BOSTON, MA - AUGUST 19: People who are part of standout protest organized by the American Federation of Teachers chant, hold signs, and raise their fists outside of the Massachusetts State House on August 19, 2020 in Boston, Massachusetts. The group is calling for a uniform requirement for all districts to start the school year with a comprehensive distance learning plan as well as clear health and safety standards that must be met for the gradual return of in-person learning. (Photo by Scott Eisen/Getty Images)

House Republicans are demanding to know why the Centers for Disease Control and Prevention, the White House, and the nation’s two largest teachers unions were collaborating with one another about reopening schools for face-to-face instruction.

Reps. Cathy McMorris Rodgers (R-WA),  Morgan Griffith (R –VA), and Brett Guthrie (R-KY) sent a letter to CDC Director Rochelle Walensky on May 5 asking for an explanation regarding a series of emails that showed how the CDC and the unions working together on the language being used in the reopening guidelines.

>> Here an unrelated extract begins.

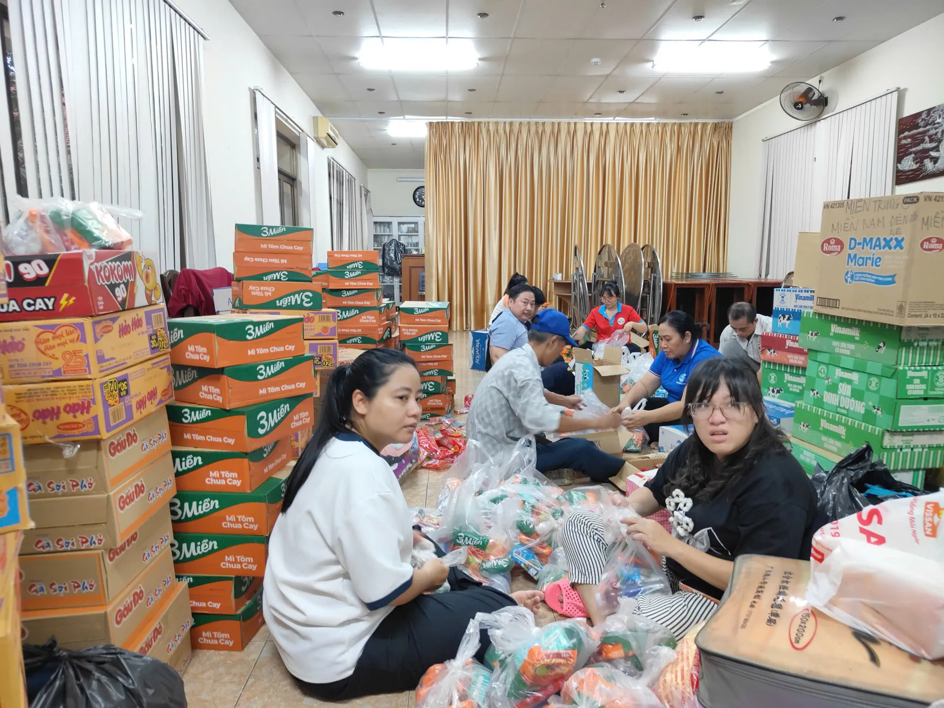 Nhân dân phường Bình Thạnh cùng chung tay gói hàng hóa để chuyển kịp thời chuyển đến đồng bào tỉnh Khánh Hòa. Ảnh: Quỳnh Hoa

In one of the emails, Walensky thanked the American Federation of Teachers and the National Education Association “for the language you have provided us.” Walensky wrote she wanted the unions to know the words were being “worked into” the school opening guidance and an executive summary the unions “suggested” would be included.

The emails were discovered through a Freedom on Information request by Americans for Public Trust.  On February 12, the CDC issued its much-anticipated guidance on reopening, which won praise from the AFT. “Today, the CDC met fear of the pandemic with facts and evidence,” stated a press release.

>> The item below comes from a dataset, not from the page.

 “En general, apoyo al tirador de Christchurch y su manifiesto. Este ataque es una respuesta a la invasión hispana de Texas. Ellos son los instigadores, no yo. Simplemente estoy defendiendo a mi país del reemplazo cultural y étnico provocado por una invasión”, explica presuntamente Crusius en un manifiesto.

The emails “raise significant concerns about whether you, as the Director of the CDC, are putting politics over science and Biden-Harris campaign donors over children,” wrote Rodgers, Griffith, and Guthrie in their letter to Walensky.

The letter demanded more specifics on the timeline between when CDC shared its reopening guidance with AFT and NEA and who else, outside the agency was directing CDC on how to act.

In January, given mounting evidence that schools would not be a primary source of virus transmission, CDC was poised to say it would be safe to reopen schools with a few restrictions. The guidelines that were released on February 12 were much more detailed and restrictive, prompting Gov. Ron DeSantis of Florida to state on February 17, “what the CDC put out was quite frankly a disgrace.  It would require, if you actually followed that, closing 90 percent of the schools in the United States.”